→ **Provided information**:

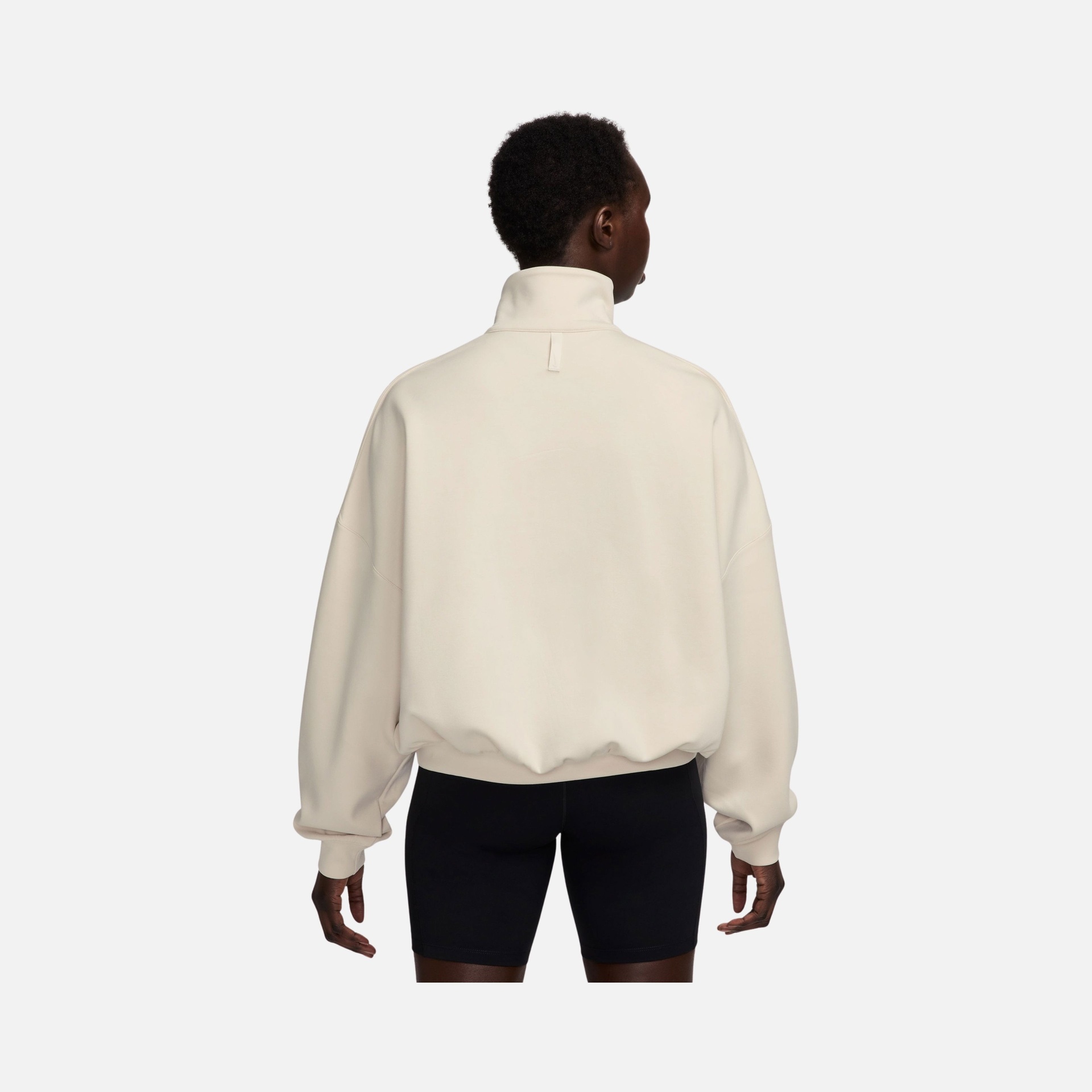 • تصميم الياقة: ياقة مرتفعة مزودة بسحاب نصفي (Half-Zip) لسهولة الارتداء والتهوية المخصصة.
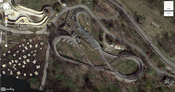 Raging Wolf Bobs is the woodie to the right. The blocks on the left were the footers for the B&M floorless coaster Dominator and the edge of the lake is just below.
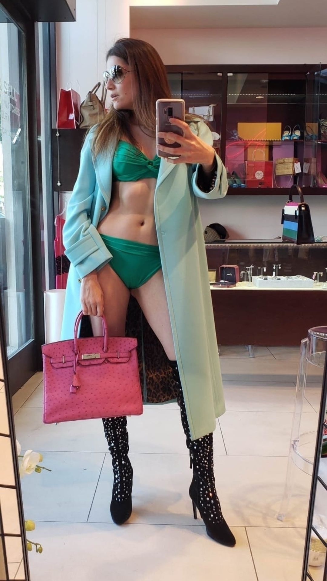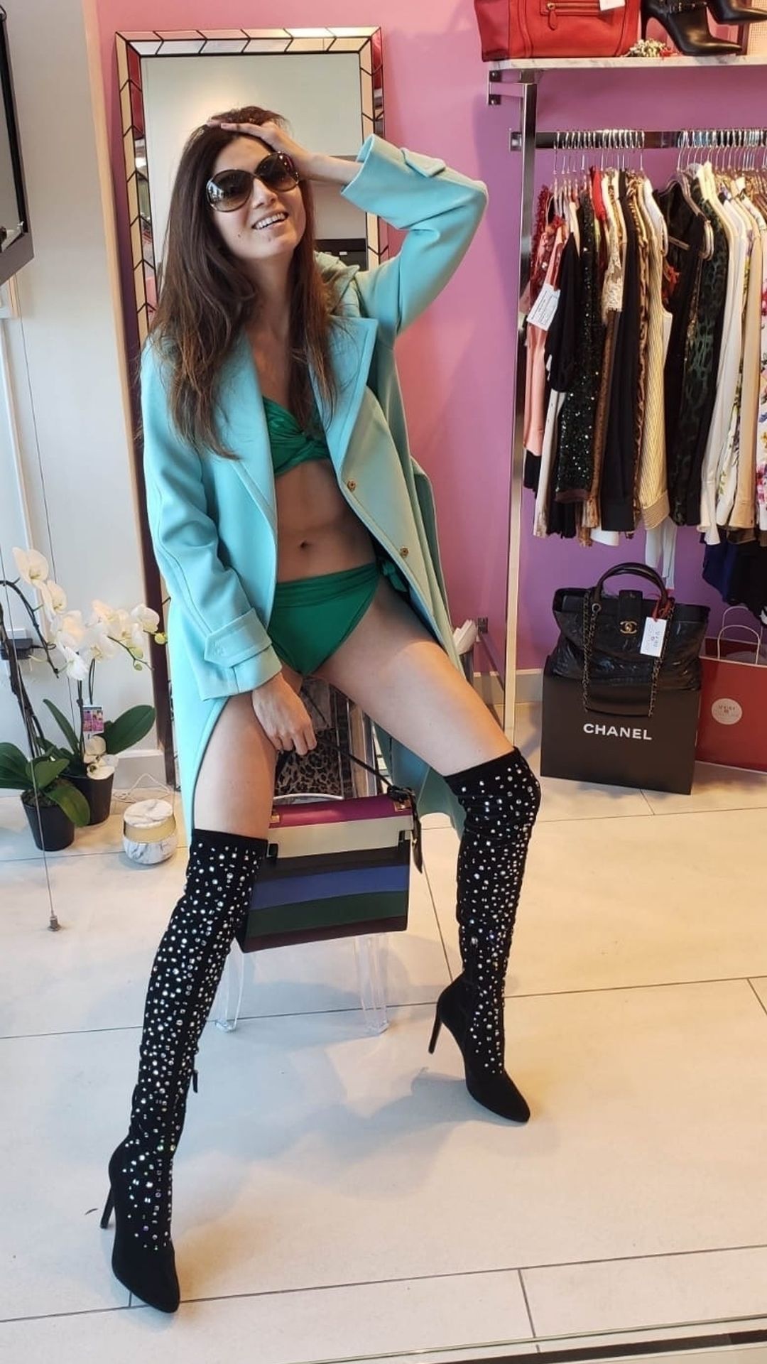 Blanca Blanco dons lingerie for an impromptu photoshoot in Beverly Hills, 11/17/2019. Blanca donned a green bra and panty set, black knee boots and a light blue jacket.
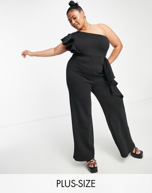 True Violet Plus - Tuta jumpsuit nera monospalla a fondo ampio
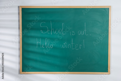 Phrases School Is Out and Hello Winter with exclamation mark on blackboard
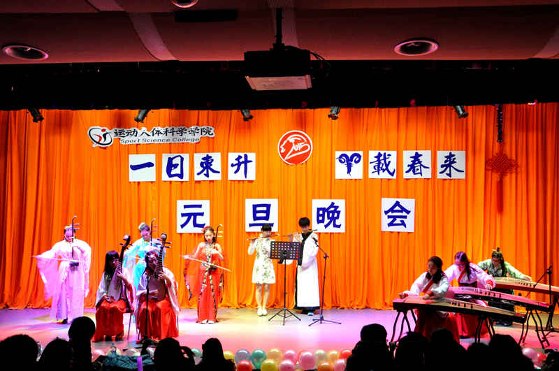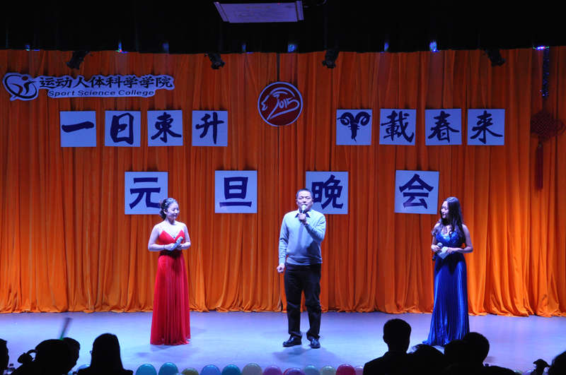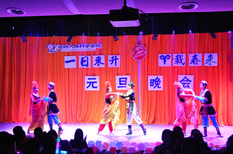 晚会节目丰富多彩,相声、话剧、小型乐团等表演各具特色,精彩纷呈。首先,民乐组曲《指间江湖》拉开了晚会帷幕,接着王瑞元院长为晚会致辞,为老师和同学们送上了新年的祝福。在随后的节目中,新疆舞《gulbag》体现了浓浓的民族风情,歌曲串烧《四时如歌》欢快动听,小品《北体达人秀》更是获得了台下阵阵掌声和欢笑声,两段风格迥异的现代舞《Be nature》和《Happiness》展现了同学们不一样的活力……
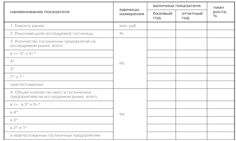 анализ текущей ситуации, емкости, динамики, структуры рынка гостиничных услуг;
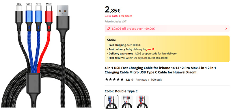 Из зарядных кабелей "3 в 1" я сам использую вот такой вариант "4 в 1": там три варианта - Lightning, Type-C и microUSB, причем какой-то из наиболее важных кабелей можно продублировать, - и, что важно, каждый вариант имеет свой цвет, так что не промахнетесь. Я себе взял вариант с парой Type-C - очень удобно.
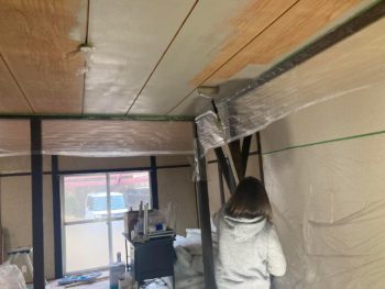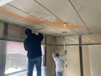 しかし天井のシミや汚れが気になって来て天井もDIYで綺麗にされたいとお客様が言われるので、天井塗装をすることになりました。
---
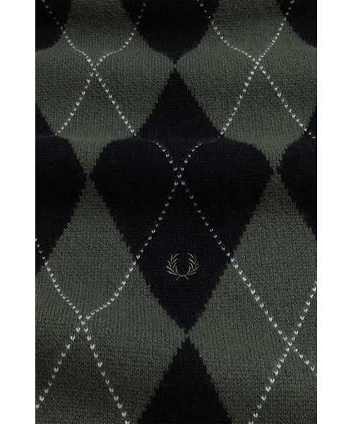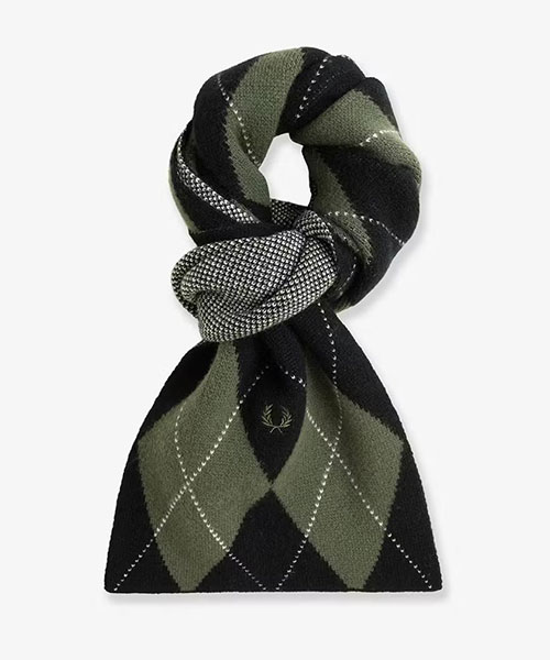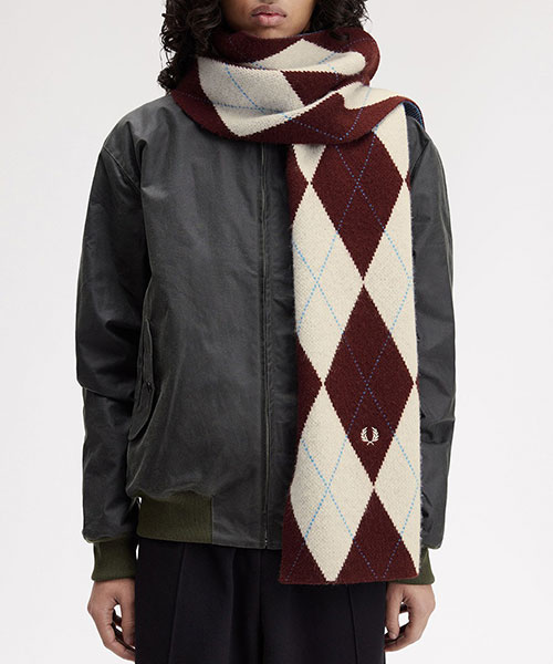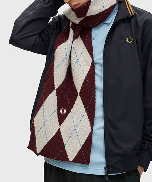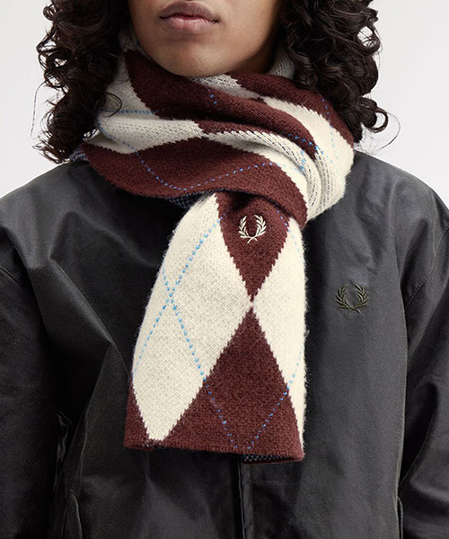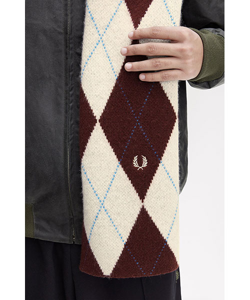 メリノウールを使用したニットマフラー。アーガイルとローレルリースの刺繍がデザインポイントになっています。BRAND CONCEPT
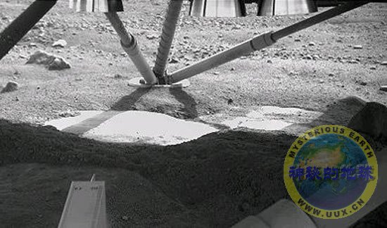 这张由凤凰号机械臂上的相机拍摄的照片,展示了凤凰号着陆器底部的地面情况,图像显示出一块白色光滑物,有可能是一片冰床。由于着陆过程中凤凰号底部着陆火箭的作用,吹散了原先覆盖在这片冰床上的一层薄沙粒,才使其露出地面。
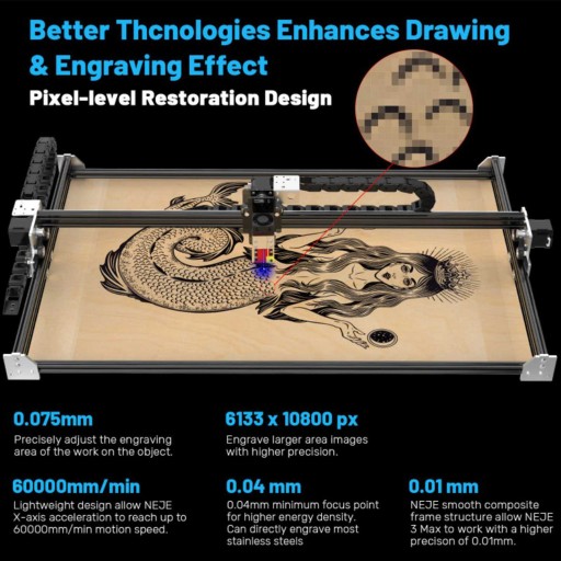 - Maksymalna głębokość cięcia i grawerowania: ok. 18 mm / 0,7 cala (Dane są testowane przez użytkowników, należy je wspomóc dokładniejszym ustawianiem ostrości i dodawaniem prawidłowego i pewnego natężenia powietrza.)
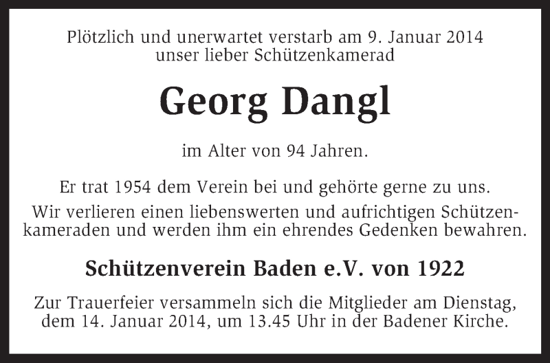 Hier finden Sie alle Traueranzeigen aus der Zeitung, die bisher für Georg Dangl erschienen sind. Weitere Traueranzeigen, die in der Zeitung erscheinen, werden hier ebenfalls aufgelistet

→ **What is expected**: Could the stretch from the line with "الارتداء والتهوية المخصصة." through the line with "анализ текущей ситуации, емкости, динамики, структуры" in the listing above be restated word for word, minus the pictures?

→ **Result**:
 • تصميم الياقة: ياقة مرتفعة مزودة بسحاب نصفي (Half-Zip) لسهولة الارتداء والتهوية المخصصة.
 Raging Wolf Bobs is the woodie to the right. The blocks on the left were the footers for the B&M floorless coaster Dominator and the edge of the lake is just below.
 Blanca Blanco dons lingerie for an impromptu photoshoot in Beverly Hills, 11/17/2019. Blanca donned a green bra and panty set, black knee boots and a light blue jacket.
 True Violet Plus - Tuta jumpsuit nera monospalla a fondo ampio
 Phrases School Is Out and Hello Winter with exclamation mark on blackboard
 晚会节目丰富多彩,相声、话剧、小型乐团等表演各具特色,精彩纷呈。首先,民乐组曲《指间江湖》拉开了晚会帷幕,接着王瑞元院长为晚会致辞,为老师和同学们送上了新年的祝福。在随后的节目中,新疆舞《gulbag》体现了浓浓的民族风情,歌曲串烧《四时如歌》欢快动听,小品《北体达人秀》更是获得了台下阵阵掌声和欢笑声,两段风格迥异的现代舞《Be nature》和《Happiness》展现了同学们不一样的活力……
 анализ текущей ситуации, емкости, динамики, структуры рынка гостиничных услуг;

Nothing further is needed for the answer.